Histologic, immunohistochemical, and histomorphometric analyses.
All analyses were performed essentially as described previously [62,63]. Briefly, embryonic mice were removed from timed pregnant dams at E14.5 and E16.5 and fixed intact for 36 h in 4% paraformaldehyde, rinsed thoroughly in PBS, and processed for paraffin embedding. Serial 4-μm sections were cut on a modified Leica RM 2155 rotary microtome (Leica Microsystems, Richmond Hill, Ontario, Canada), stained with a 1:600 dilution of the AD1 anti-Sam68 antibody [46] and counterstained with either methyl green or hematoxylin.

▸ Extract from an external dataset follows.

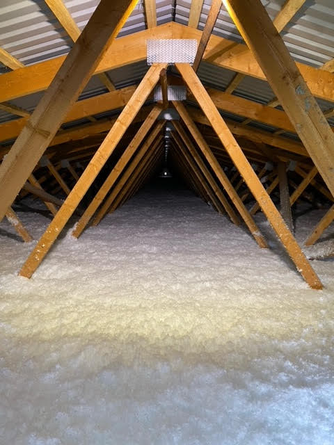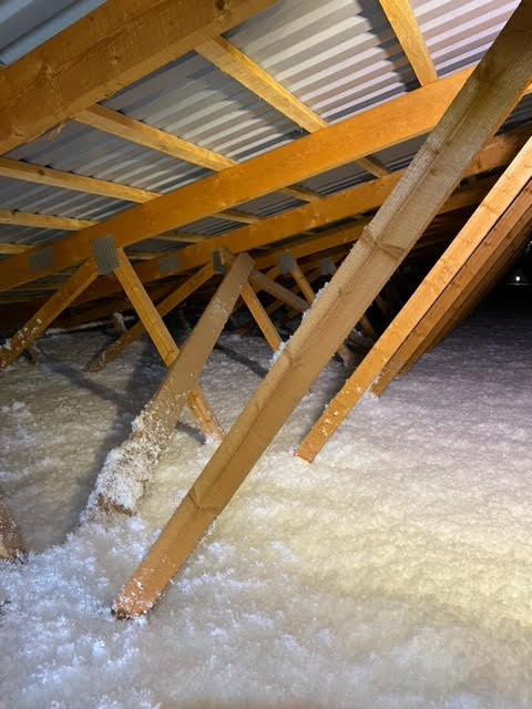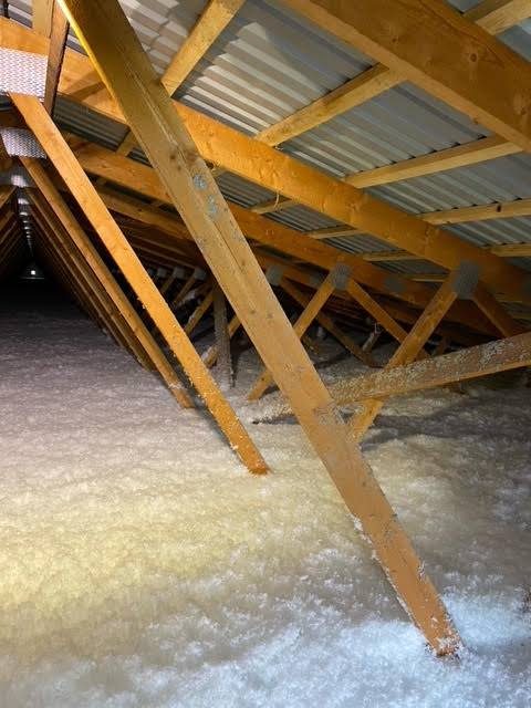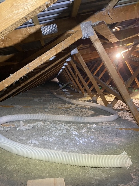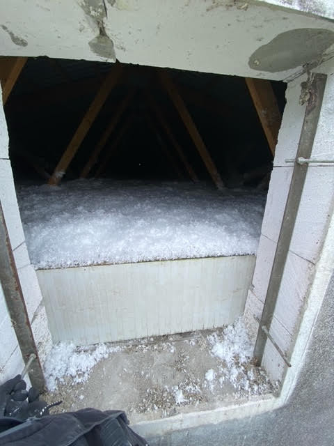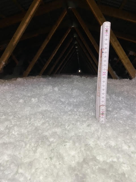Stará izolace tvořila vrstvu pouhých 5-10 cm. Majitelé chtěli nafoukat materiál URSA Pure Floc o tloušťce 30 cm.

Adult mice were given an intraperitoneal injection of 30 mg/kg calcein at 7 days and 30 mg/kg tetracycline at 2 days prior to sacrifice to label actively mineralizing surfaces. After overnight fixation in 4% paraformaldehyde and rinsing in PBS, the left femur and tibia were embedded in polymethylmethacrylate (MMA) or a mixture of 50% MMA and 50% glycolmethacrylate (GMA). Serial 4- to 6-μm sections of MMA-embedded tissues were left unstained or stained with von Kossa and toluidine blue or with toluidine blue alone, while 4-μm MMA-GMA sections were stained for TRAP and ALP activity. Images were captured using a Leica DMR microscope (Leica Microsystems) equipped with a Retiga 1300 camera (Qimaging, Burnaby, British Columbia, Canada) and the primary histomorphometric data obtained using Bioquant Nova Prime image analysis software (Bioquant Image Analysis Corp, Nashville, Tennessee, United States). Nomenclature and abbreviations conform to those recommended by the American Society for Bone and Mineral Research [50].